Are you a seasoned regulatory expert seeking a new challenge? We are currently in search of a skilled CMC Regulatory Manager (Regulatory Affairs Consultant) to contribute to our esteemed organization. This role is dedicated to a client project and offers flexibility for remote or office-based work across various European locations.
As the CMC Regulatory Manager, you will be instrumental in overseeing our global post-approval regulatory functions, with a specific emphasis on Chemistry, Manufacturing, and Controls (CMC) for biological products.
Key Responsibilities:
- Formulate submission strategies and plans for post-approval CMC initiatives, including variations, renewals, market expansions, and annual reports.
- Evaluate change controls and deliver regulatory assessments regarding quality modifications in production and quality assurance.

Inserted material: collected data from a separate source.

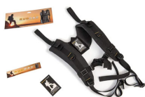
RucPac-normal Conversione zaino RucPac standard Hardcase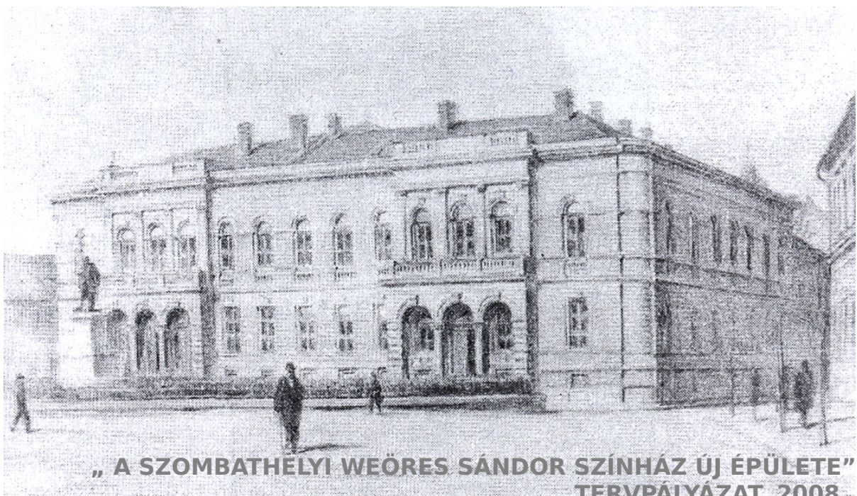
„ A SZOMBATHÉLYI WEÖRES SÁNDOR SZÍNHÁZ ÚJ ÉPÜLETE” TERVPÁLYÁZAT, 2008.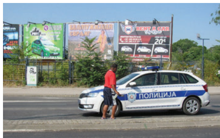
Slika 19: Vlast me pazi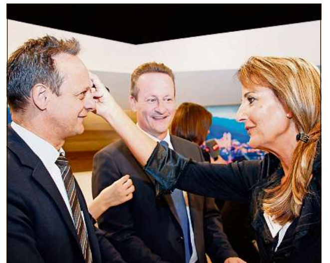
Avant ir tar la televisiun vegn da si il belet.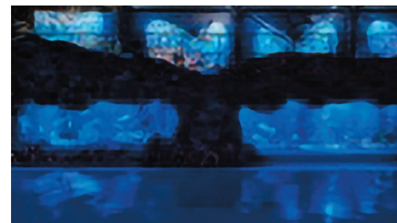
魚たちが泳ぐ中、壁面グラフィックにも海の生き物たちが出現

- Examine study reports from quality control and production teams to guarantee adherence to regulatory standards.
- Facilitate submission preparation in collaboration with various departments such as manufacturing, supply chain, quality control, quality assurance, and other regulatory entities.
- Draft and/or review submission content to ensure compliance with regulatory standards, particularly concerning variations and inquiries from health authorities.

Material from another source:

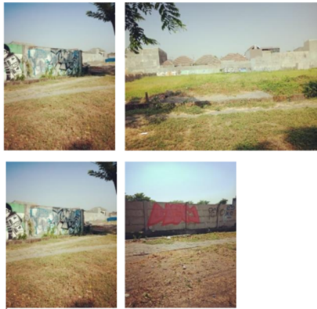
Gambar 5. Vandalisme di Jalan Ir.H.Soekarno-Hatta

Ternyata kerapatan antar bangunan juga bisa menjadi salah satu penyebab ada tidaknya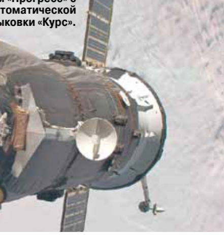
Момент стыковки корабля «Прогресс» с МКС при помощи системы автоматической стыковки «Курс».

Сейчас мы выясняем это. Понимание глубины вопроса здесь действительно необходимо. Но как достичь его, если многих молодых специалистов влечет в космическую отрасль после вузов?

- Oversee projects within all Regulatory Information Management systems, ensuring the upkeep of global submissions.
- Identify, escalate, and mitigate risks linked to regulatory processes and activities.

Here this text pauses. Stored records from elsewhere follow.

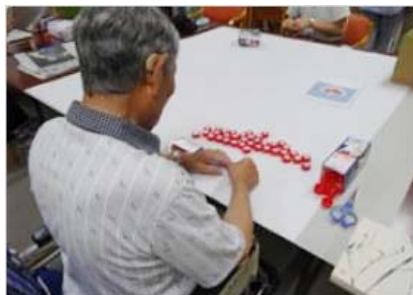
キャップの裏に両面テープを貼ります。

身障センターでは、新潟県障害者芸術文化祭に向け、共同作品として、今回はペットボトルキャップを使いモザイクアートに挑戦しています。大きな作品になるのでキャップを集めるのも一苦労です。どんなアート作品になるか楽しみです。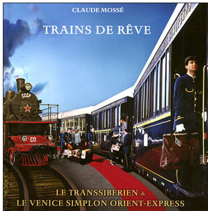
Trains de rêve : Le Transibérien et le Venice Simplon Orient-Express de Claude Mossé

A travers les vitres de l'un ou l'autre train, sur la lagune de Venise la Sérénissime ou les rives du lac dieu Baïkal, près d'Irkoutsk, le passager renoue les fils de la Nature et des Hommes. Le Transsibérien, le VSOE... Après avoir achevé la dernière page de ce beau livre, accompagné d'un DVD tourné en 2007, comment résister à l'envie de boucler les valises ?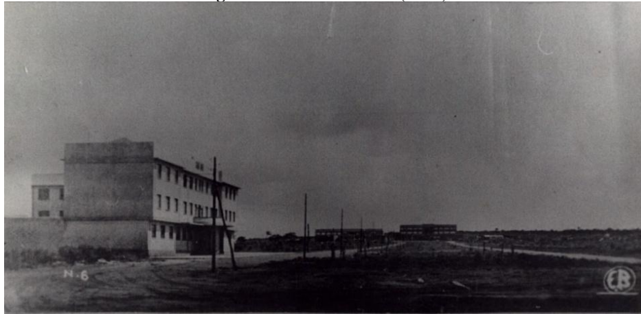
Figura 1 – Avenida Goiás (1936)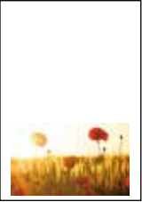
Format: 91 x 179 mm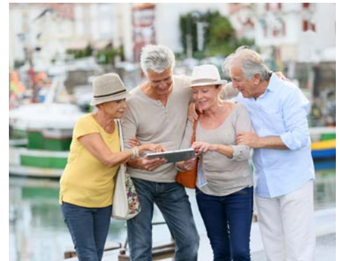
Unterwegs auf Entdeckungstour

Der heutige Tag steht Ihnen zur freien Verfügung. Entspannen Sie in der Hotelanlage oder am Strand. Für Tipps zu eigenen Unternehmungen auf eigene Faust, steht Ihnen Ihre Reiseleitung vor Ort gerne zur Verfügung.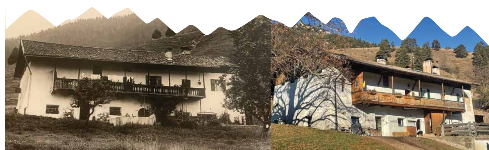
Foto recente del Maso Spianez

Experience and Qualifications:
- University-level education in Life Sciences or equivalent experience.
- Prior experience in regulatory affairs, particularly related to technical/CMC/quality within the pharmaceutical sector.
- Strong comprehension of CMC and post-approval regulatory standards.
- Experience in drafting CMC (technical) sections of regulatory documents such as registration files or variations.
- Knowledge of biological processes.
- Background in validation/Quality Assurance/production within the pharmaceutical industry, with experience in preparing regulatory documentation and understanding qualification/validation principles.
- Proficiency in Word, PowerPoint, Excel, and familiarity with Veeva Vault is advantageous.
- Collaborative spirit, adaptability, accountability, and organizational capabilities.
- Fluent in English (both written and spoken); proficiency in French, Italian, or German is a significant advantage.